## Material provided
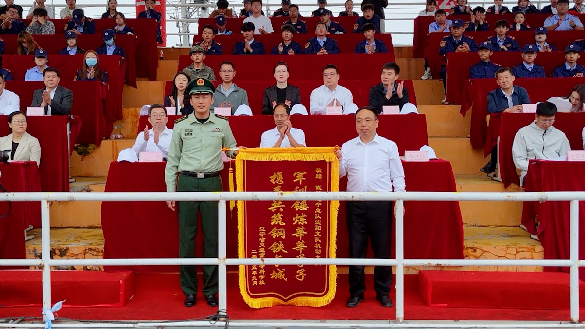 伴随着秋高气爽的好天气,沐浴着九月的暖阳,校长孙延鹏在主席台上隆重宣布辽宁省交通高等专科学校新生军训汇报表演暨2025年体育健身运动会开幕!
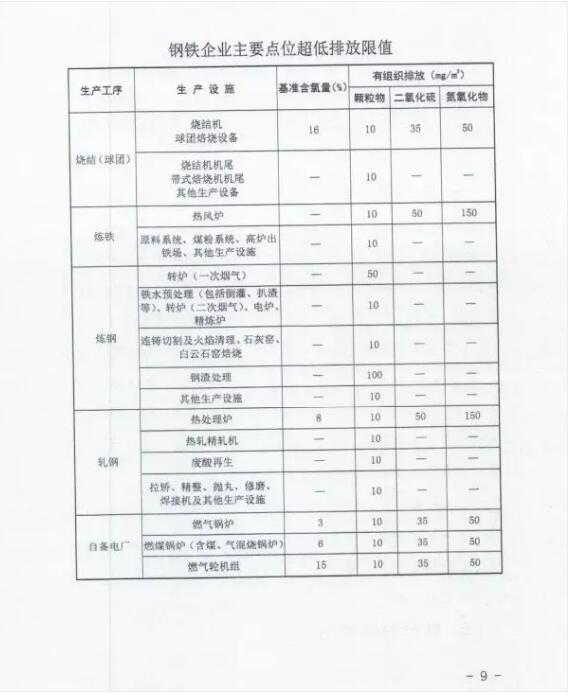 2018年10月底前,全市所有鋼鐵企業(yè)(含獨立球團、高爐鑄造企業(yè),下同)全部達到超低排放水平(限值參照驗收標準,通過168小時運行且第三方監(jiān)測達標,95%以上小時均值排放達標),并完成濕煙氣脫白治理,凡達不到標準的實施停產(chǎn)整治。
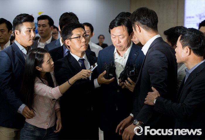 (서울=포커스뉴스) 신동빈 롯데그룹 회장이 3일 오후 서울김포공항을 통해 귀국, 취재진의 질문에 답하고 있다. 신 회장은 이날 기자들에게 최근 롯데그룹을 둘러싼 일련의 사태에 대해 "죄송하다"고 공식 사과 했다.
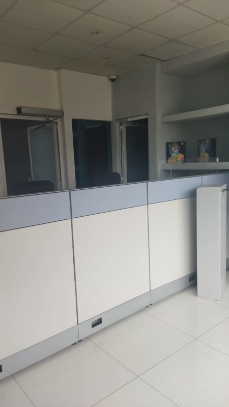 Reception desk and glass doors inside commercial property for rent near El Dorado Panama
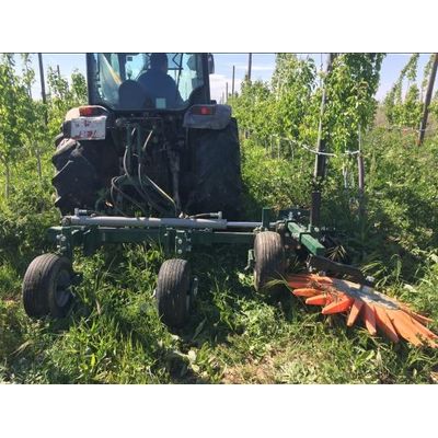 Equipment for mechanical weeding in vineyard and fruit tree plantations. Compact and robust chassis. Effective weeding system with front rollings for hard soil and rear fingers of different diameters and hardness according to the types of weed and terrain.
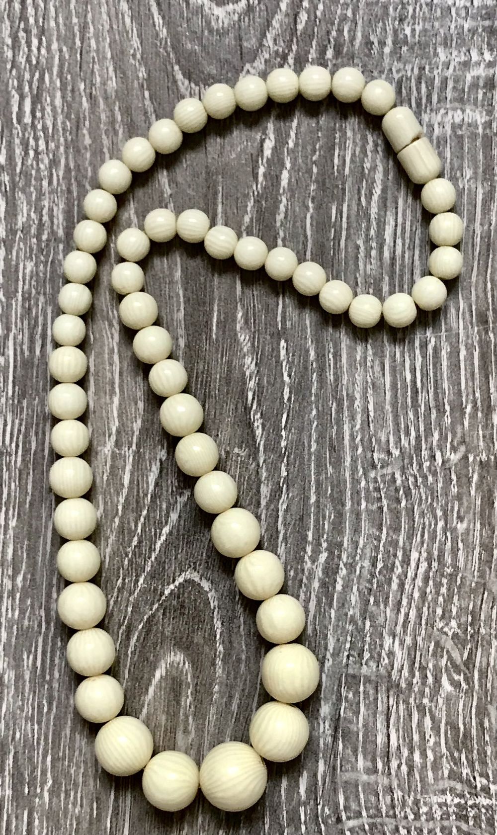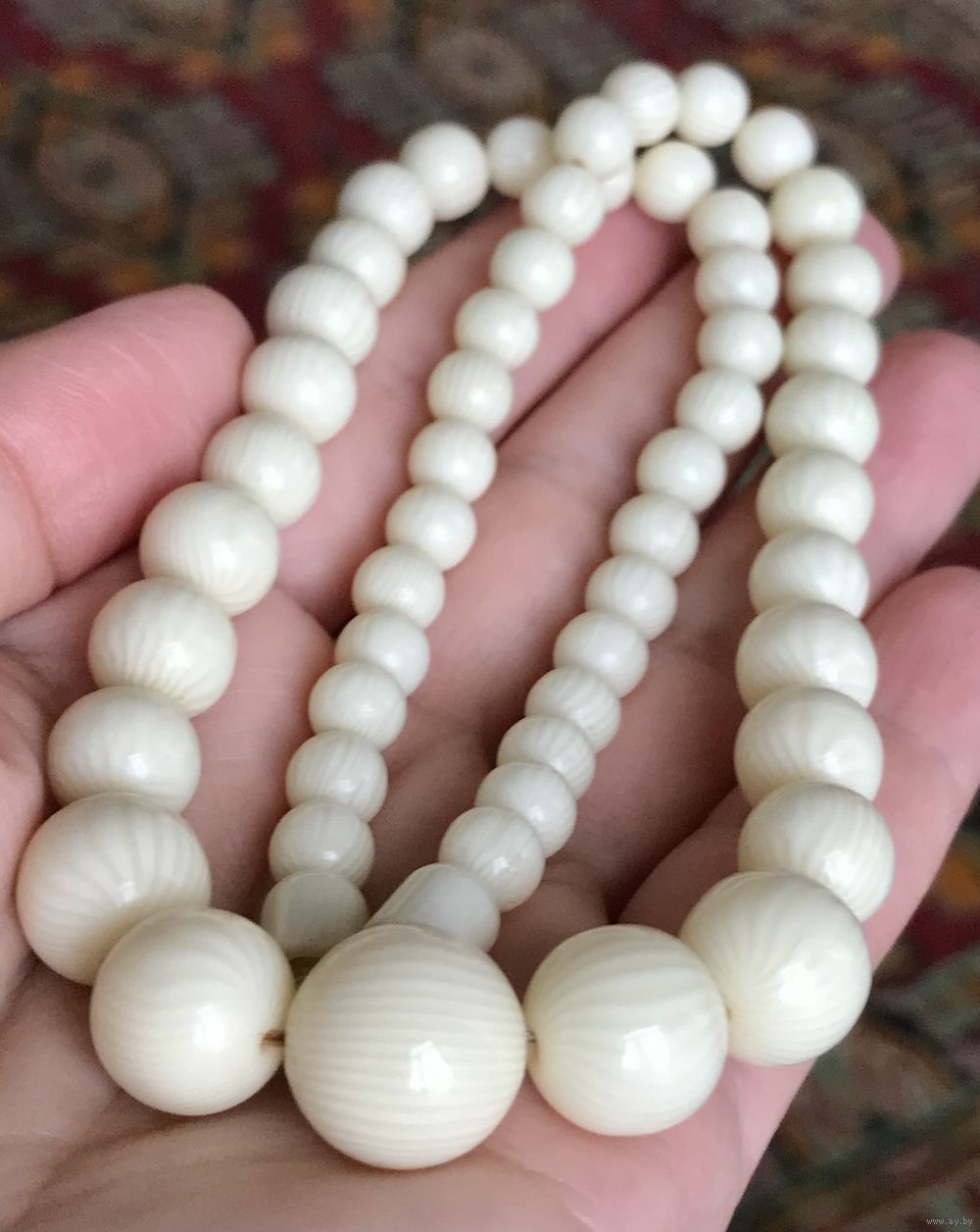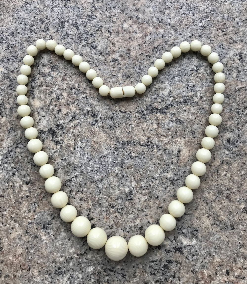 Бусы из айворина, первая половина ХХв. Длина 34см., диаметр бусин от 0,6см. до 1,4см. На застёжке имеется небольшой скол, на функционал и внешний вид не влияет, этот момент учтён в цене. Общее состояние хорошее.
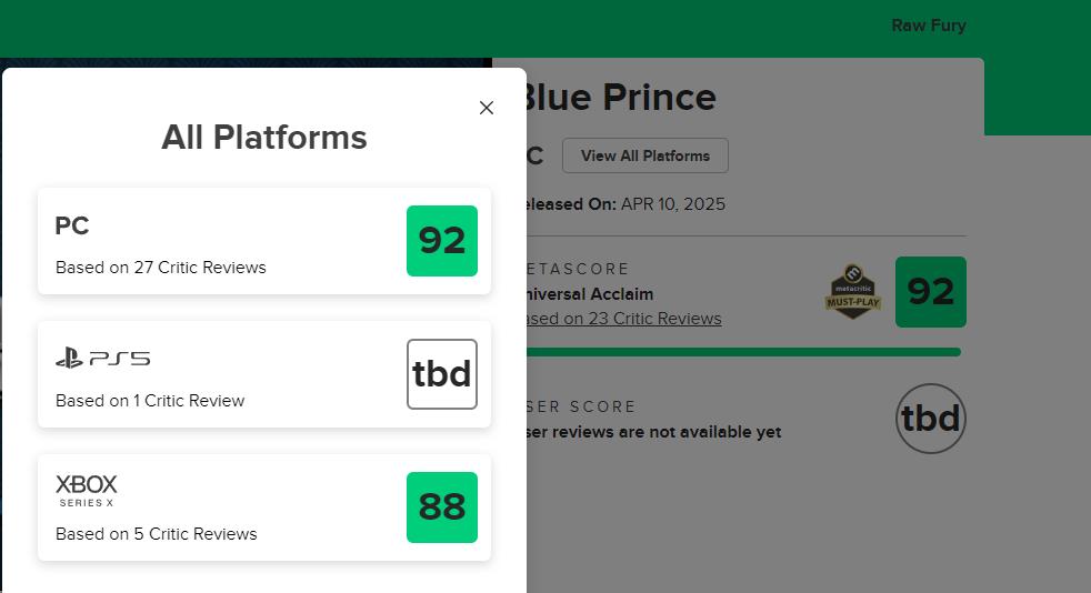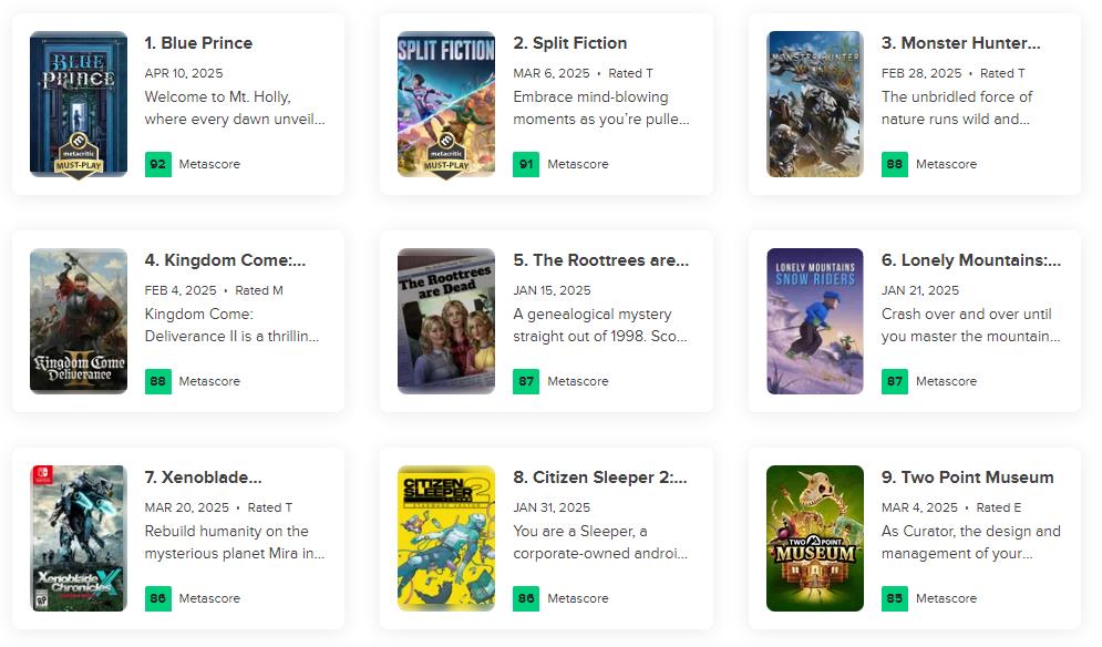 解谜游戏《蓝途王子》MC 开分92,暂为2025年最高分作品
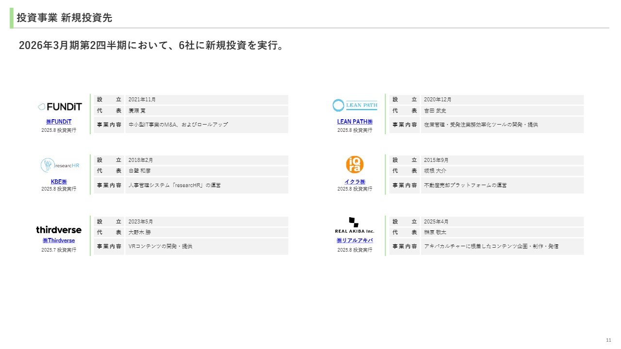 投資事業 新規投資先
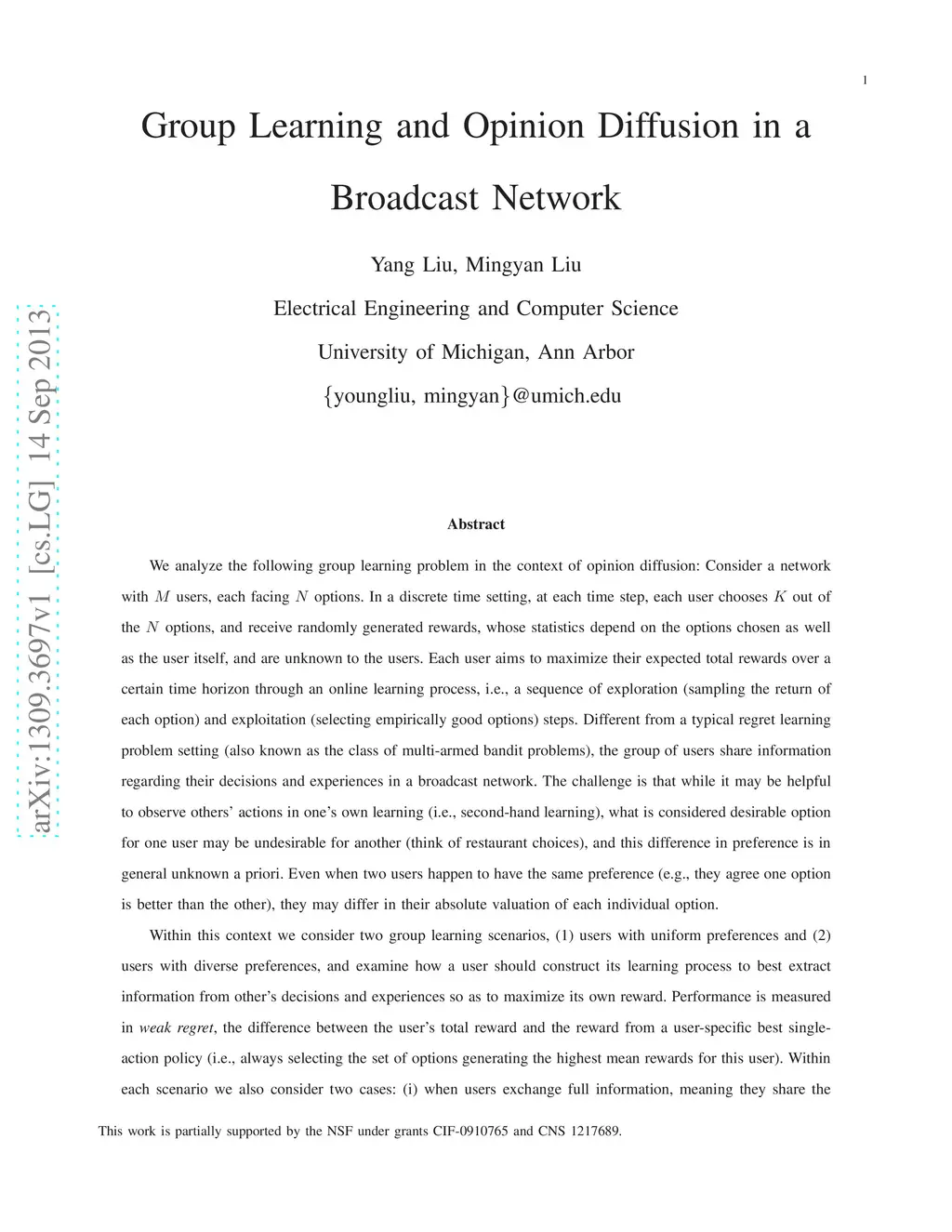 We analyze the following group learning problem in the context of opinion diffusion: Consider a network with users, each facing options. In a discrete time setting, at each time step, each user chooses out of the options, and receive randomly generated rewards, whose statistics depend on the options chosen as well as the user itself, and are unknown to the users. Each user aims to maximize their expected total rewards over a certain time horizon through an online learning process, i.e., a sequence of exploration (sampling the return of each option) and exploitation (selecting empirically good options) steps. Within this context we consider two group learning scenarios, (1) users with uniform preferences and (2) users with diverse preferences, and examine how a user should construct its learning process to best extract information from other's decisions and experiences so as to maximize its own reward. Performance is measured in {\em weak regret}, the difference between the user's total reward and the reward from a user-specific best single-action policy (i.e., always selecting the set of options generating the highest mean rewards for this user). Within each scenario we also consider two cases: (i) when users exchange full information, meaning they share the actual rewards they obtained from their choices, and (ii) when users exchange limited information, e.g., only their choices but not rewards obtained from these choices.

## What the task requires
Extract, word for word, each line from the top of the data down to and including the line with "(서울=포커스뉴스) 신동빈 롯데그룹"; skip the pictures.

## Your response
 伴随着秋高气爽的好天气,沐浴着九月的暖阳,校长孙延鹏在主席台上隆重宣布辽宁省交通高等专科学校新生军训汇报表演暨2025年体育健身运动会开幕!
 2018年10月底前,全市所有鋼鐵企業(yè)(含獨立球團、高爐鑄造企業(yè),下同)全部達到超低排放水平(限值參照驗收標準,通過168小時運行且第三方監(jiān)測達標,95%以上小時均值排放達標),并完成濕煙氣脫白治理,凡達不到標準的實施停產(chǎn)整治。
 (서울=포커스뉴스) 신동빈 롯데그룹 회장이 3일 오후 서울김포공항을 통해 귀국, 취재진의 질문에 답하고 있다. 신 회장은 이날 기자들에게 최근 롯데그룹을 둘러싼 일련의 사태에 대해 "죄송하다"고 공식 사과 했다.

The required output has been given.